Blues for Mr. Charlie is a full-length drama by James
Baldwin. A black man returns home to the South after having spent
some time in the North and is brutally murdered by a white
store-owner. In his award-winning play, James Baldwin turns
the murder and its aftermath into an inquest in which even the most
well-intentioned whites are implicated – and in which even a killer
receives his share of compassion.
Blues for Mr. Charlie is a deeply humane, passionate, and
poetic drama about race relations in America. Richard, a black man
who is a former junkie returns to his parochial Southern town and
infuriates the denizens with his incendiary talk and actions. When he
is killed by a poor, illiterate, white man, the murder, the eulogy,
the trial and acquittal are presented in an abstract dramatic form of
time, fury, and passion.
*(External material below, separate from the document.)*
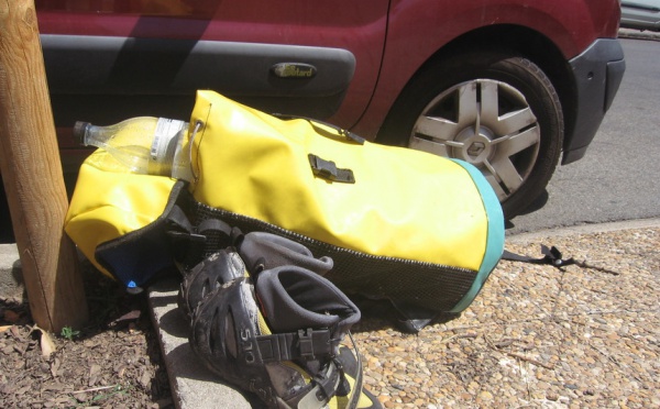 La fatigue de la saison commence à se faire sentir....Manu part au canyon ce matin. En changeant de véhicule, il laisse ses affaires de ....canyon par terre près de la voiture..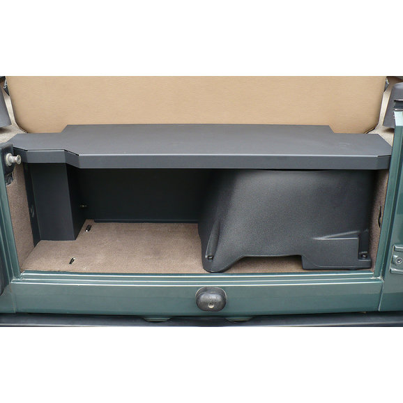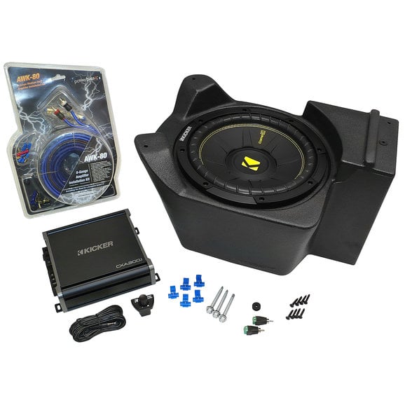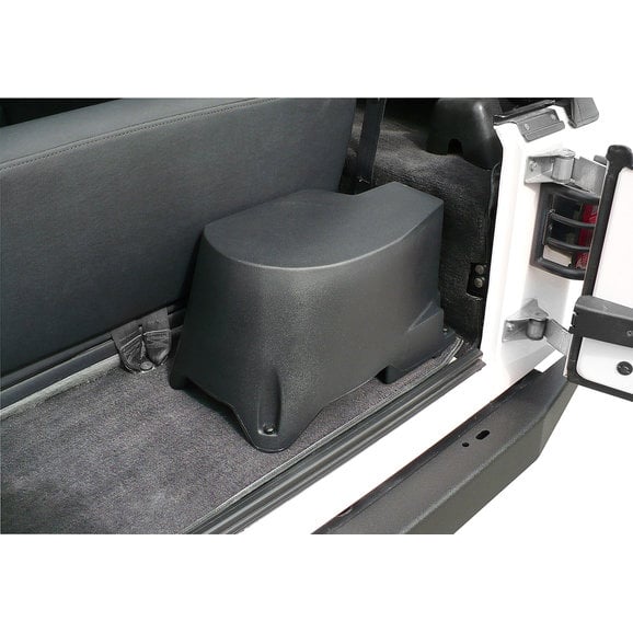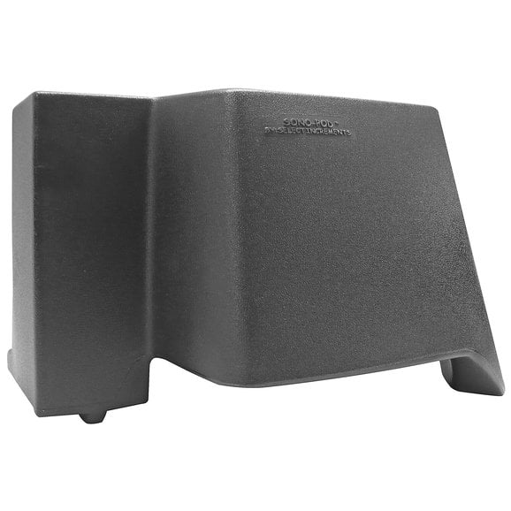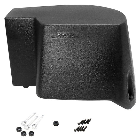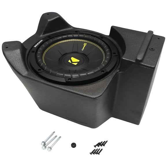 Bring your music to life and fill in that low-end audio void! The Sono-Pod™ houses a 10” subwoofer, provides a factory look and mounts in the cargo area of 1976-2006 CJ7, YJ and TJ Wranglers. The Sono-Pod is just under 11” tall, designed to fit under security shelves and insta-trunks as well as maintain some cargo space. The pod operates as a sealed enclosure with an internal volume of .73 cubic feet and has a subwoofer mounting depth of up to 8”. The subwoofer fires downward, hovering just above the floor to maximize bass output and offer protection from the elements. The concealed wire-lead hole is located on the underside of the pod nearer to the wheel-well. The textured plastic walls of the Sono-Pod are .25” thick making it incredibly sturdy and nullifying vibration. The pod is secured to the floor with special self-drilling screws and black screw caps complete the look. Offered empty to add your own audio components, or with Kicker® audio components included.

Suggested by the notorious murder trial of
Emmett Till, a black youth lynched in Mississippi in 1955 – James
Baldwin uses this framework to examine how everyone contributes
to the creation of a society in which one man can justify killing
another because of a difference in skin colour. For where once a
white storekeeper could have shot a "boy" like Richard with
impunity, times have changed. And centuries of brutality and fear,
patronage and contempt, are about to erupt in a moment of truth as
devastating as a shotgun blast. A sensation in it's New York
premiere, Blues for Mr. Charlie is a searing drama by one of America's leading writers
that retains all it's power to this day.
Blues for Mr. Charlie was first produced in 1964 by the
Actor's Studio at the ANTA Theatre on Broadway and received a Foreign
Drama Critics Award. Since then the play has been produced widely at professional theatres across the US and has been mounted by colleges and community theatres.
Cast: 7 female, 16 male
What people say:
"Written a year after Martin Luther King's ‘I Have a Dream’ speech, and set in the racially segregated fictional community of Plaguetown, the play seethes at the blindness that comes with unthinking opposition, not only between Blacks and whites, but also within communities. Uncompromising in his portrayal of both sides of the racial divide, Baldwin doesn't flinch from trying to understand the white murderer, and he shows the Black community lost between turning the other cheek and violent revenge for oppression; its questions remain urgent and uncomfortable 40 years on." — The Guardian
"Fires of fury in its belly,
tears of anguish in its eyes and a roar of protest in its throat. It
throbs with fierce energy and passion...Brings eloquence and
conviction to one of the momentous themes of our era." —
The New York Times
"Explosive, eloquent,
honest...." — San Francisco Chronicle
"Uncompromising in his
portrayal of both sides of the racial divide, Baldwin doesn't flinch
from trying to understand the white murderer, and he shows the black
community lost between turning the other cheek and violent revenge
for oppression; its questions remain urgent and uncomfortable 40
years on." — The Guardian (London)
About the Playwright:
James Arthur Baldwin (1924-1987) was an African-American
novelist, writer, playwright, poet, essayist and civil rights
activist. Eloquent and passionate on the subject of race in America,
he is best known for his novels and essays. The two plays on which
his reputation as a dramatist was based are The Amen Corner
and Blues for Mister Charlie.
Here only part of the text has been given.